The coding is simple. You can use the [sup] tag to make it work. Thus:
P(x) = x[sup]4[/sup] - x[sup]3[/sup] - 7x[sup]2[/sup] + x + 6
As for the math, that’s also easy. Since you can’t be expected to guess a whole plethora of real numbers, you have to try certain simple tricks to see if specific types of real numbers will work. Make a list for yourself of the sorts of things to look for:
Rational roots - these will all be of the form p/q, where p is a factor of the constant term and q is a factor of the leading coefficient. You make a list of the possible rational roots, then start checking them with synthetic division.
Look for patterns that are familiar, such as difference if squares, trinomial squares, etc.
See if a factor pattern can be discerned, such as ax[sup]3[/sup] + bx[sup]2[/sup] + ax + b, which factors easily to (ax + b) * (x[sup]2[/sup] + 1).

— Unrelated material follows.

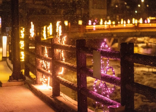 長門湯本温泉では、温泉街を流れる音信川(おとずれがわ)を舞台に、長門市出身の童謡詩人「金子みすゞ」の詩をテーマにした灯りイベント「音信川うたあかり」を実施しています(2018年度開始。今回で6回目)。

For the problem in question, it is readily determined that all for possible real roots are all not only rational, but integer roots, each a factor of the constant term. This makes it easy; any factor of 6 you pick will produce a result by synthetic division, and from there, factoring patterns and difference of squares seal the deal.
Your first step should be to test out the easy solutions of x=0, x=1, and x=-1. In this case, two of the zeros are located at x=1 and x=-1, so that you can reduce the equation to (x-1)(x+1)(some trinomial) {You can find what the trinomial is by using long division on the initial pentanomial and each of the (x-1) and (x+1) successively}. Once you have the trinomial, you can factor it into two binomials using the quadratic formula.
If none of the easy solutions worked, you’d have to use Ferrari’s method, described in the article.
Ferrari’s method isn’t generally taught at the pre-calc level (and honestly, I would need a pretty good reason to use it over some much simpler numerical method). The rational root theorem, as mentioned by DSYoungEsq, is the way to go here.